Contrary to common opinion prevalent as recently as fifteen years ago, the human brain at birth is far from being fully developed. It is use-dependent, needing loving stimulation for the child from her first day on. The abilities a person’s brain can develop depend on experiences in the first three years of life.

Studies on abandoned and severely maltreated Romanian children, as an example, revealed striking lesions in certain areas of the brain. The repeated traumatization has led to an increased release of stress hormones which have attacked the sensitive tissue of the brain and destroyed the new, already built-up neurons. The areas of their brains responsible for the “management” of their emotions are twenty to thirty percent smaller than in other children of the same age.
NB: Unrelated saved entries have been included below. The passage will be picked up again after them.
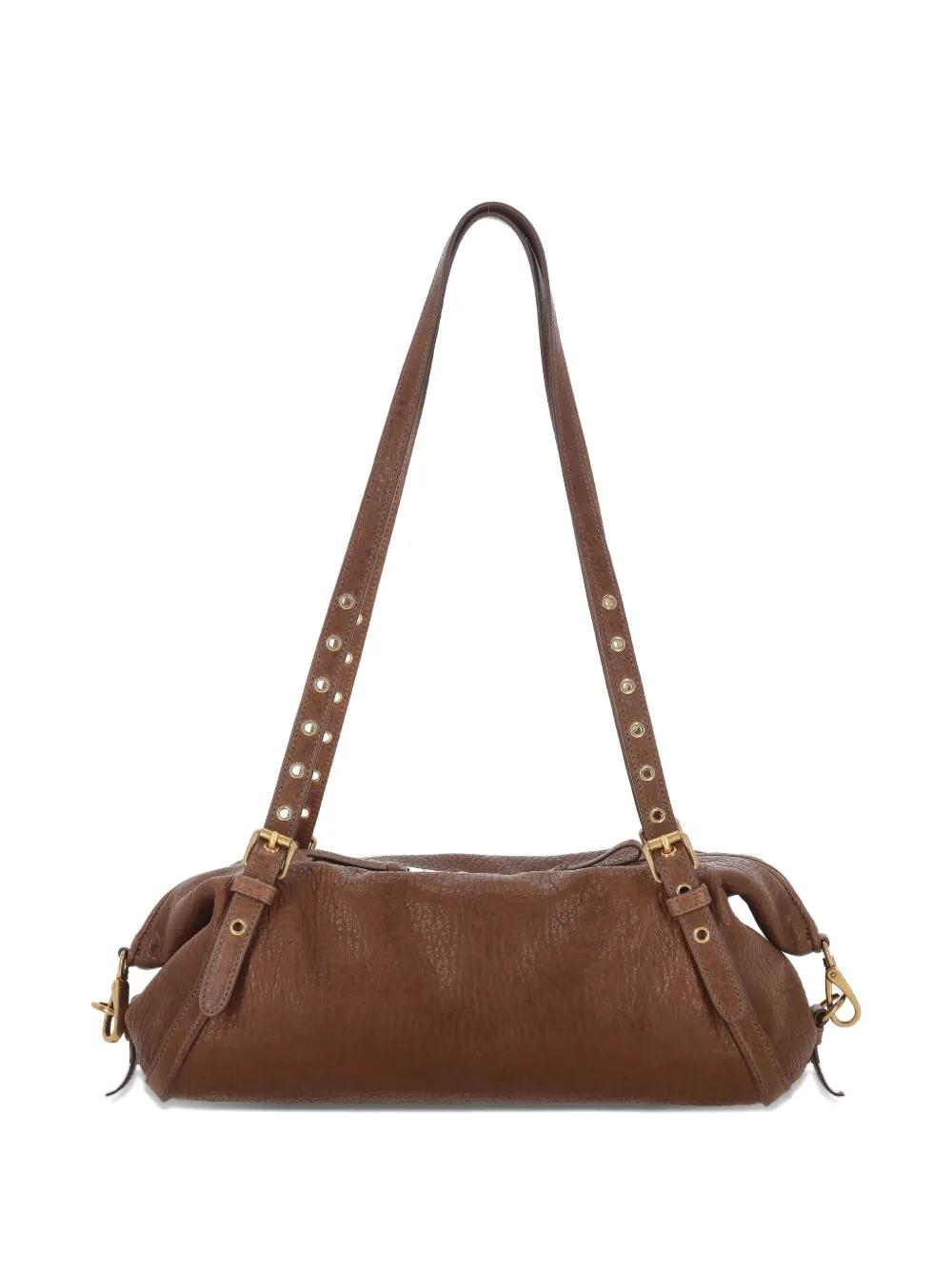 brown lambskin leather embossed logo buckle fastening straps eyeleted shoulder straps cylindrical shape
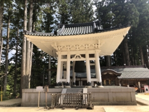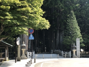 弘法大師(空海)が高野山を開創した際に、母公・玉依御前が滞在した慈尊院に、必ず9度は下山したことから「九度山」なずけられました。 慈尊院から始まる高野山への道は、高野七口とよばれる七つの参詣道の主要道となり高野参詣道町石道と言われます。 慈尊院から高野山まで180本の町石が建てられており1町約109mの距離との事でした。 我々の車は大きいのでこの道をたどる事が出来ないので、かつらぎ町まで降りて国道480号線で高野山に上ることにしました。 車🚙が少ない朝早に出発、約1時間かけて高野山の大門を通り抜け奥の院前の駐車場に到着。 もうすでに修学旅行のバスが沢山来ておりました。
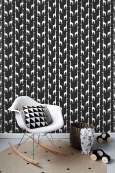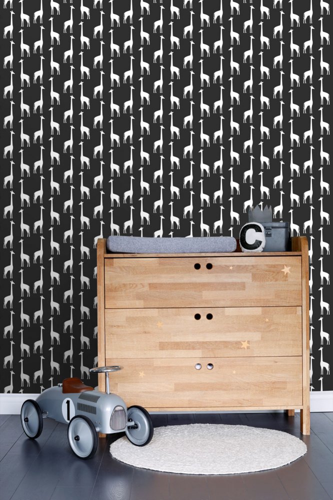 Vliesová, černá tapeta s bílými žirafami.
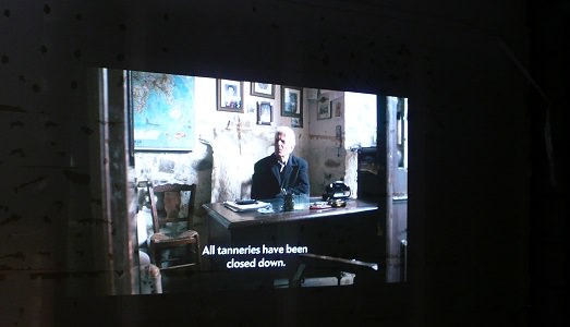 Tra le notizie attuali sulla Grecia – uscirà dall’euro, assolutamente no a detta dei più, ma come restarvi è questione tutt’altro che risolta – e questa macchina del tempo dislocata fra la pareti, alcune delle quali non ripristinate, di un padiglione nazionale, viene a generarsi comunque, sia voluto o meno, un certo rapporto. Qualcosa in entrambe le situazioni sembra riguardare una forma di resistenza al mutamento, soprattutto se vissuto come imposto dall’esterno, una viscosità di luoghi e abitudini, che rallentano il passo, lo sguardo, e che tentano di richiamarci verso regioni e ragioni d’esistenza che mal si combinano con l’attualità. Da Volos, luogo natio di Giorgio De Chirico, proviene questa capsula/negozio/laboratorio per la tassidermia (ancora attivo, pare) ricostruito con minuzia filologica. Si entra letteralmente nei vani di un interno, esposto allo sguardo indiscreto, distratto di visitatori che si ritrovano a considerare come le cose di  scarsa rilevanza, una volta portate qui, nel non-luogo dell’arte, assumano una evidenza sospesa, una densità che attira dentro, non solo nello spazio di un padiglione, ma dentro altre abitudini, altri rapporti con l’ambiente, con il lavoro.
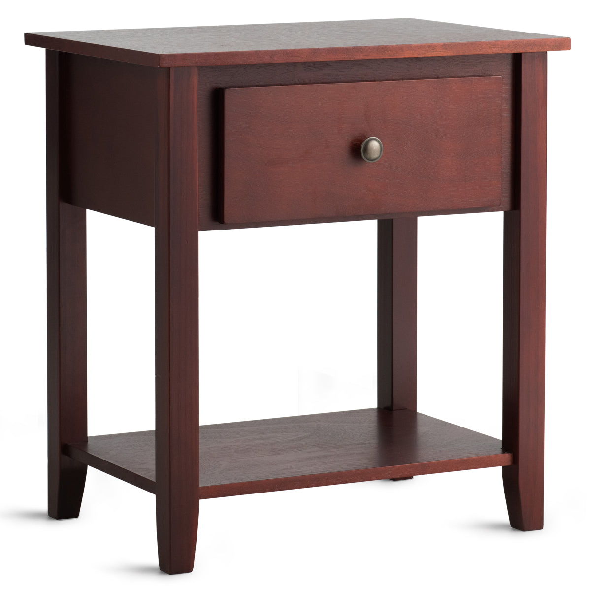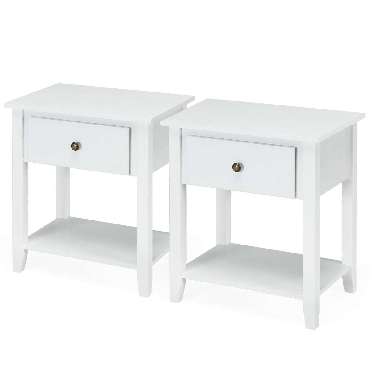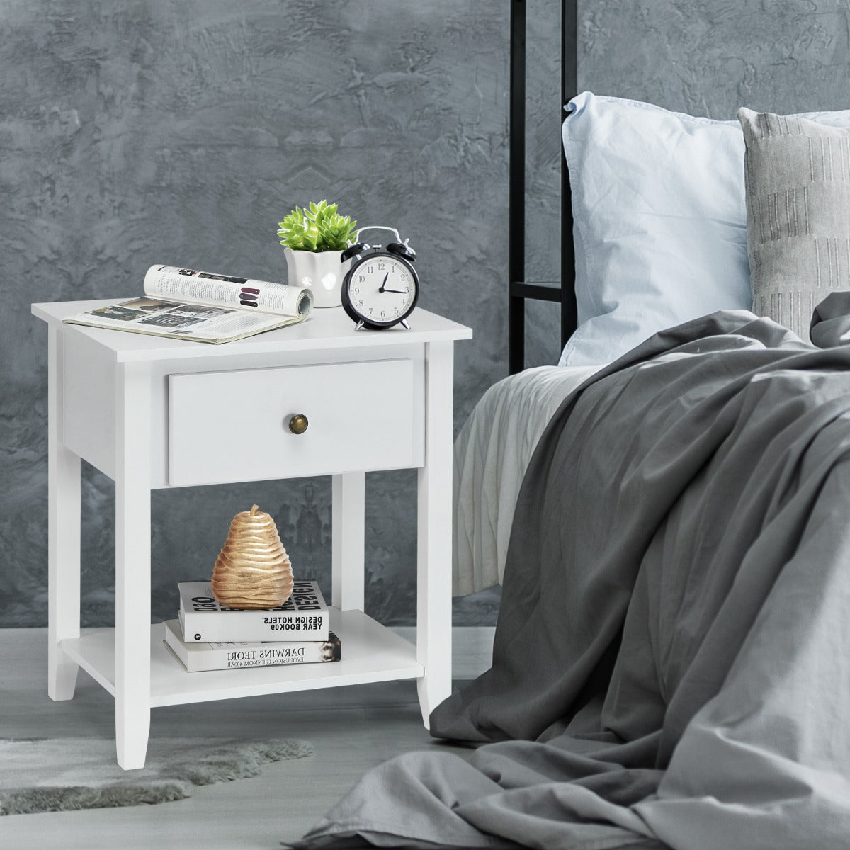 This cabinet is made of premium MDF material and pine wood, which is durable and can be used for a longer time. The strong construction and 4 legs are stable enough to support the weight of the table itself and the objects placed on it. Besides, the lightweight design is easy to transport, which allows you to place this end table anywhere you want. With a drawer and a lower shelf, this side table provides plenty of storage space for you to store and display your daily necessities. Comes with clear instructions and all components, so it is easy for you to complete the installation in a short time. The uniform spray paint forms a smooth surface, which can be easily cleaned off with a damp cloth and helps keep your house tidy. This practical side table can add an elegant feeling to your home while providing plenty of storage space and display space.
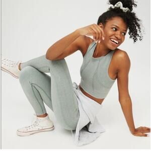 Offline By Aerie Main Squeeze Textured High Rise Gray Green Leggings Size Medium
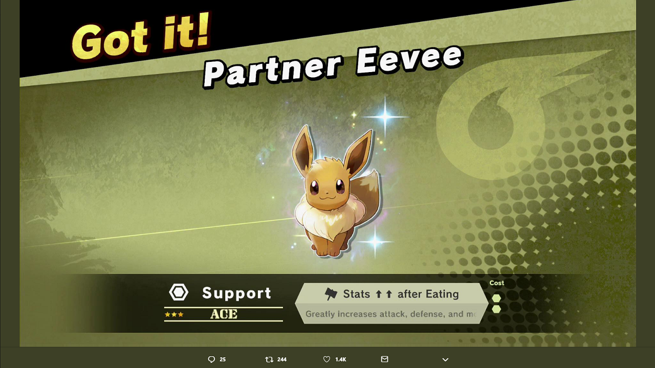 Nintendo maakt op Twitter bekend dat je als eigenaar van Pokémon Let's Go Pikachu en/of Let's Go Eevee gelijk Partner Pikachu en/of Partner Eevee vrijspeelt in Super Smash Bros. Ultimate op de Nintendo Switch.
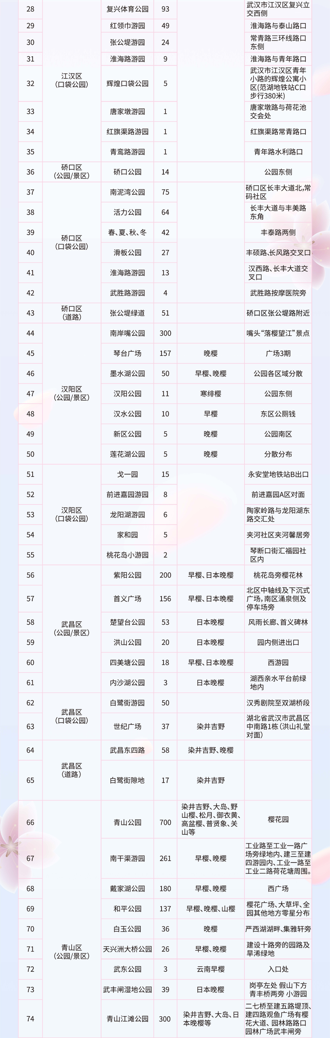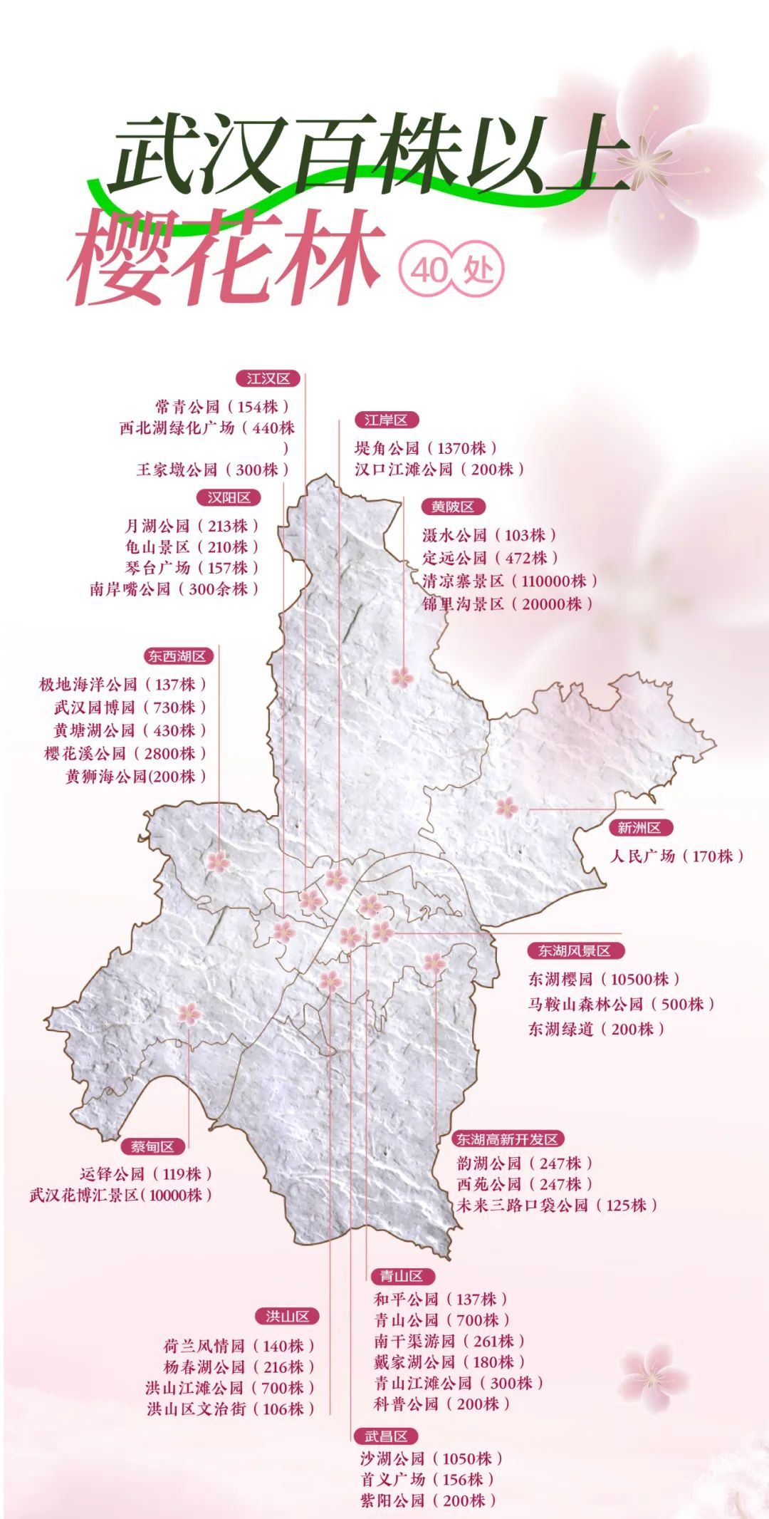其中种植樱花百株以上的赏樱点有40个
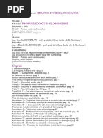 Proprieti specifice: Masa molecular 70,914 Punct de fierbere -33,6C Presiunea de vapori la 20C 6860 mmHg Densitatea n stare gazoas la 0C i 3,214 g/cm3 760 mmHg Densitatea n stare lichid la 0C i 1,47 g/cm3 3,65 atm. *Valorile acestor caracteristici sunt aproximative, au numai caracter informativ general i nu sunt parte a condiiilor tehnice de calitate. Utilizri: La fabricarea acidului clorhidric La epurarea apelor Sinteza unor produse chimice Ambalare i depozitare: Se ambaleaz n cisterne speciale ale furnizorului sau clientului i n butelii sau containere ale clientului. Se depoziteaz n rezervoare special amenajate. Transportul auto se face cu maini special amenajate, nsoite de un delegat autorizat i instruit n acest sens. Cisternele CF sunt nsoite de un delegat autorizat pn la grani. Msuri de protecie: Clorul este un produs toxic. nainte de a manipula i utiliza acest produs, personalul trebuie s fie familiarizat cu informaiile referitoare la pericolele la care este expus. Aceste informaii sunt disponibile n mai multe forme de exemplu MSDS i etichete ale produsului. Pentru informaii suplimentare contactai Serv. Tehnic din cadrul SC OLTCHIM SA Not: Informaiile coninute n aceast Fi Tehnic sunt valabile pn la 31 decembrie 2005. V rugm s contactai SC OLTCHIM SA pentru a v informa dac acest document a fost revizuit.

Obviously, all children (not only Romanian) who suffer such abandonment and maltreatment will be damaged in this way. The neurobiological research makes it easier for us to understand the way Nazis like Eichmann, Himmler, Hess and others functioned.

Alice Miller advocates passing laws to make corporal punishment illegal. What she observes as a psychologist is that children who were physically mistreated will sometimes grow up to deny and justify their own abuse “it did me good” and thus be way more likely to pass on the behavior to another generation. So I suppose she thinks legislation will break the cycle. That goes too far for me, for several reasons. I am editing this a bit because I realized that if I go into that at all, it raises a whole bunch of questions that aren’t directly connected with the point of this post. Let it suffice to say that I don’t agree with everything she says.

I think she is perceptive though about the tendency to “commit” to something unhealthy in your own past and repeat the cycle. You see a parallel to this sometimes in some of the more emotional “anti-unschooling” reactions — “How will a kid ever read Shakespeare if he is not forced to study it in school?” “How can you grow up OK if you haven’t had to deal with the schoolyard bully?” “I wouldn’t do hard things if someone didn’t force me to, so why should my kids?” My family’s been able to debunk these personally. The idea here is that if one doesn’t examine one’s life a bit, one can end up reflexively following patterns set in childhood even if they aren’t really true or the best for the situation.

Incidentally, Hitler was beaten often in childhood, and Miller theorizes that because his father was the illegitimate child of a Jewish man, that Alois Hitler (Adolf’s father) passed on an intense self-hatred and shame literally physically to his own son. Of Daniel Schreber’s two sons, one commited suicide and one became spectacularly mentally ill and wrote a book about his illness. Really interesting! Miller has collected a lot of case studies about childhood abuse in famous historical figures, and it’s interesting to see the same story played out in so many ways in different time periods, with variations for individual personalities.